Extracted records:
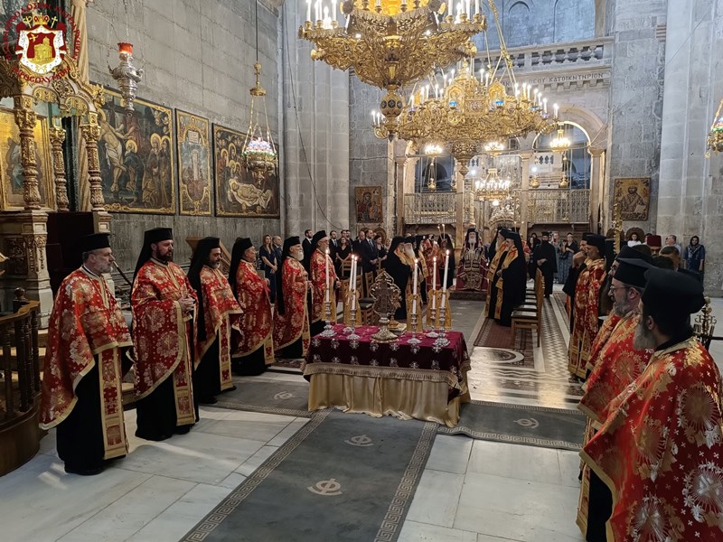 Πρός τοῦτο ἡ Μετριότης Ἡμῶν, συνοδευομένη ὑπό τῶν τιμίων μελῶν τῆς Γεραρᾶς Ἁγιοταφιτικῆς ἡμῶν Ἀδελφότητος ὡς καί εὐσεβοῦς λαοῦ, κατήλθομεν ἐν τῷ Πανιέρῳ Ναῷ τῆς Ἀναστάσεως, ἔνθα ἀνεπέμψαμεν εὐχαριστήριον δοξολογίαν τῷ Ἁγίῳ Τριαδικῷ Θεῷ «τῷ διδόντι ἡμῖν πίστιν διά τοῦ Κυρίου ἡμῶν Ἰησοῦ Χριστοῦ» (πρβλ. Α΄ Κορ. 15,57)˙ «καί αὕτη ἐστίν ἡ νίκη ἡ νικήσασα τόν κόσμον, ἡ πίστις ἡμῶν» (Α΄ Ἰω. 5,4) κατά τόν ἅγιον Ἰωάννην τόν Θεολόγον.
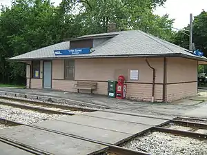 119th Street is one of four Metra railroad stations in Blue Island, Illinois along the Beverly Branch of the Rock Island District Line, and five within Blue Island generally. It is 14.8 miles (23.8 km) from LaSalle Street Station, the northern terminus of the line,[2] and is named after 119th Street and located between 119th Street and 119th Place. In Metra's zone-based fare system, 119th Street is in zone C. As of 2018, 119th Street is the 150th busiest of Metra's 236 non-downtown stations, with an average of 269 weekday boardings.[1]
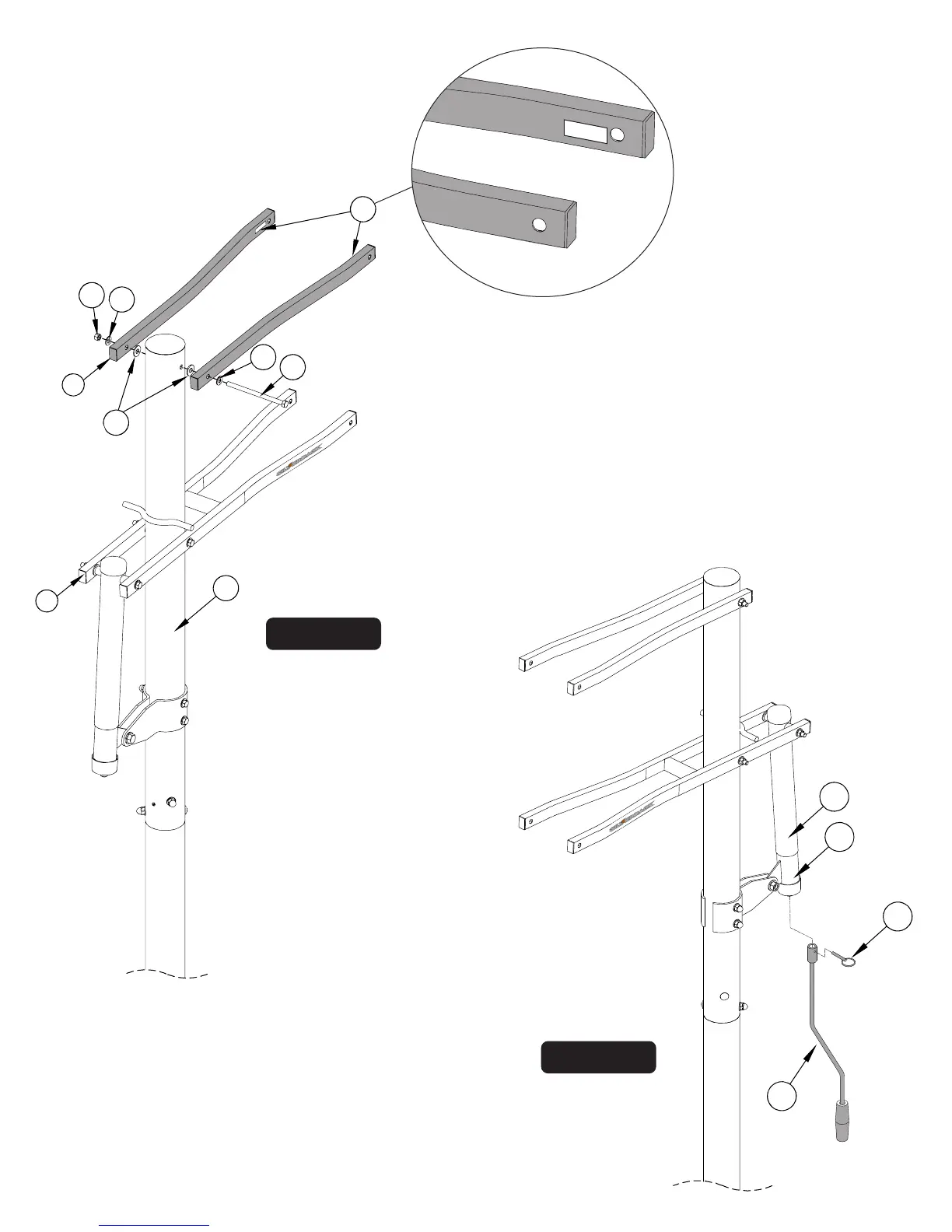 Ensamble los brazos (#6) a el poste superior (#3), como se
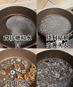 - 平底锅加少量水,放入白糖熬煮至冒泡并开始粘稠(需小火防止糊底)。 - 当糖浆变为深琥珀色且开始返砂时,关火备用。
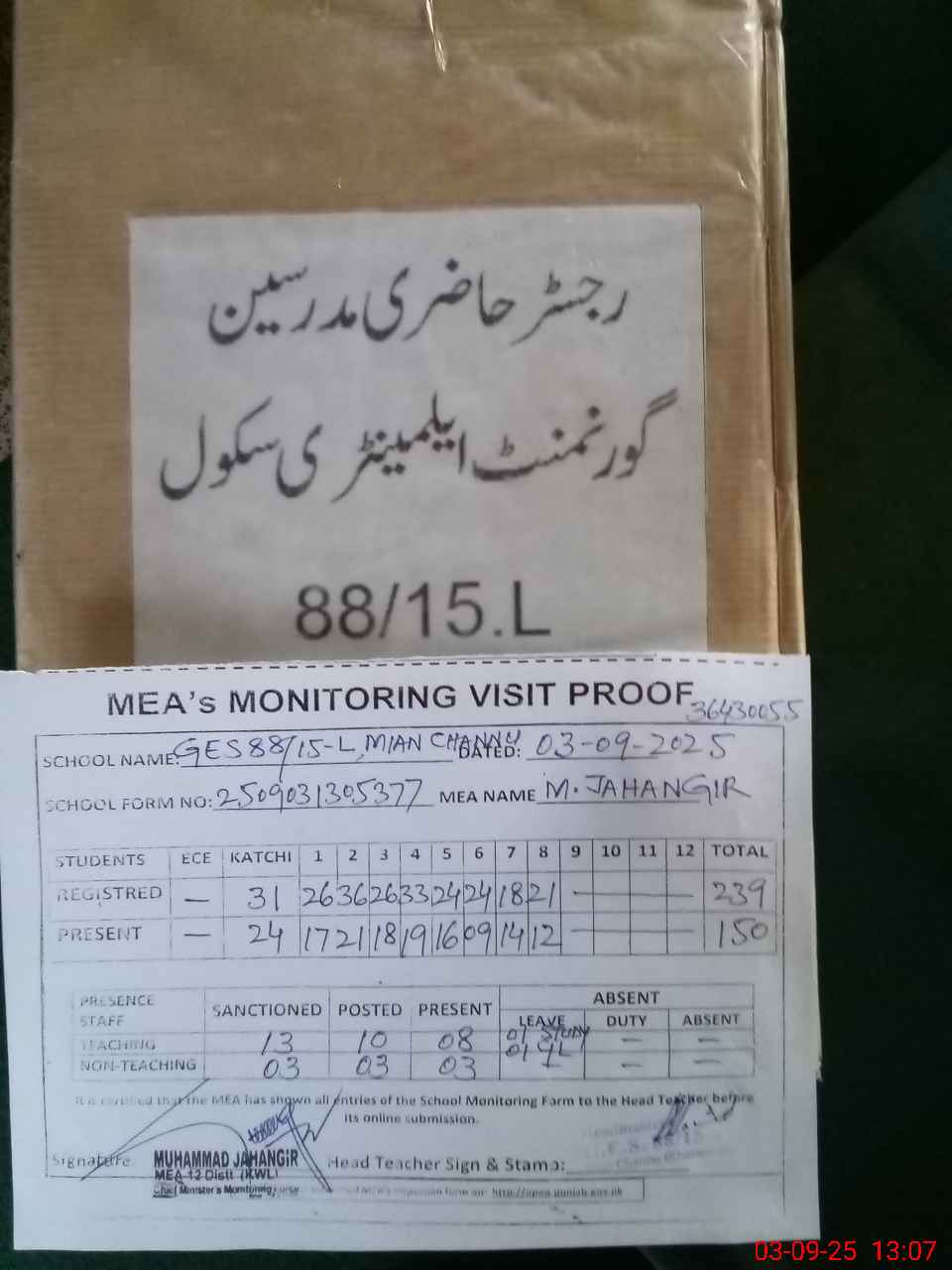 | Attendance Register | Head Teacher | MEA with School | Visit Proof |
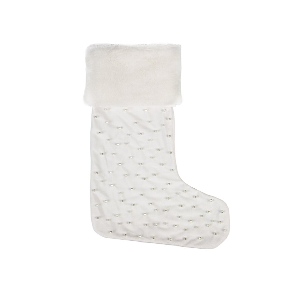 Bársony zokni bundával és varrott gyöngyökkel, szélesség: 25 cm, hossza: 45 cm, szín: krém, súly: 240 GSM, összetétel: Anyaga: 100% poliészter
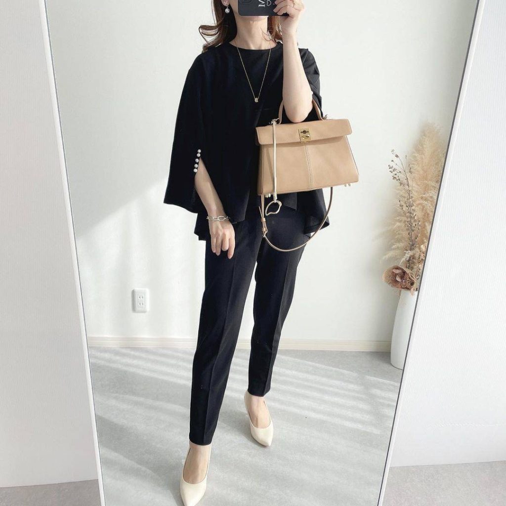 スーツよりかしこまった感じは抜けますが、こちらも地味見えしやすい心配があるので、バッグと靴は黒以外のベージュやホワイトにして、アクセサリーもプラスして華やかさを出しましょう。
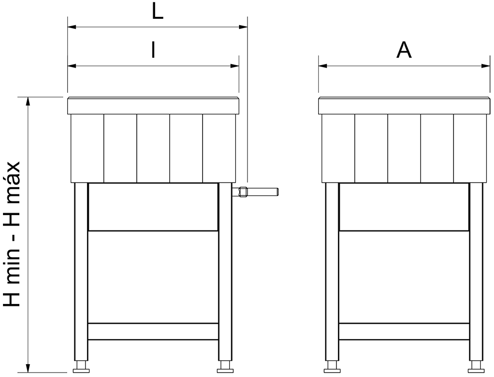 | L (mm) | A (mm) | H_max (mm) | H_min (mm) | l (mm) | Kg | Referenz | Lager | Preis | Menge | Aktion |

Your task: Copy all records exactly; omit images.

Result:
 Πρός τοῦτο ἡ Μετριότης Ἡμῶν, συνοδευομένη ὑπό τῶν τιμίων μελῶν τῆς Γεραρᾶς Ἁγιοταφιτικῆς ἡμῶν Ἀδελφότητος ὡς καί εὐσεβοῦς λαοῦ, κατήλθομεν ἐν τῷ Πανιέρῳ Ναῷ τῆς Ἀναστάσεως, ἔνθα ἀνεπέμψαμεν εὐχαριστήριον δοξολογίαν τῷ Ἁγίῳ Τριαδικῷ Θεῷ «τῷ διδόντι ἡμῖν πίστιν διά τοῦ Κυρίου ἡμῶν Ἰησοῦ Χριστοῦ» (πρβλ. Α΄ Κορ. 15,57)˙ «καί αὕτη ἐστίν ἡ νίκη ἡ νικήσασα τόν κόσμον, ἡ πίστις ἡμῶν» (Α΄ Ἰω. 5,4) κατά τόν ἅγιον Ἰωάννην τόν Θεολόγον.
 119th Street is one of four Metra railroad stations in Blue Island, Illinois along the Beverly Branch of the Rock Island District Line, and five within Blue Island generally. It is 14.8 miles (23.8 km) from LaSalle Street Station, the northern terminus of the line,[2] and is named after 119th Street and located between 119th Street and 119th Place. In Metra's zone-based fare system, 119th Street is in zone C. As of 2018, 119th Street is the 150th busiest of Metra's 236 non-downtown stations, with an average of 269 weekday boardings.[1]
 Ensamble los brazos (#6) a el poste superior (#3), como se
 - 平底锅加少量水,放入白糖熬煮至冒泡并开始粘稠(需小火防止糊底)。 - 当糖浆变为深琥珀色且开始返砂时,关火备用。
 | Attendance Register | Head Teacher | MEA with School | Visit Proof |
 Bársony zokni bundával és varrott gyöngyökkel, szélesség: 25 cm, hossza: 45 cm, szín: krém, súly: 240 GSM, összetétel: Anyaga: 100% poliészter
 スーツよりかしこまった感じは抜けますが、こちらも地味見えしやすい心配があるので、バッグと靴は黒以外のベージュやホワイトにして、アクセサリーもプラスして華やかさを出しましょう。
 | L (mm) | A (mm) | H_max (mm) | H_min (mm) | l (mm) | Kg | Referenz | Lager | Preis | Menge | Aktion |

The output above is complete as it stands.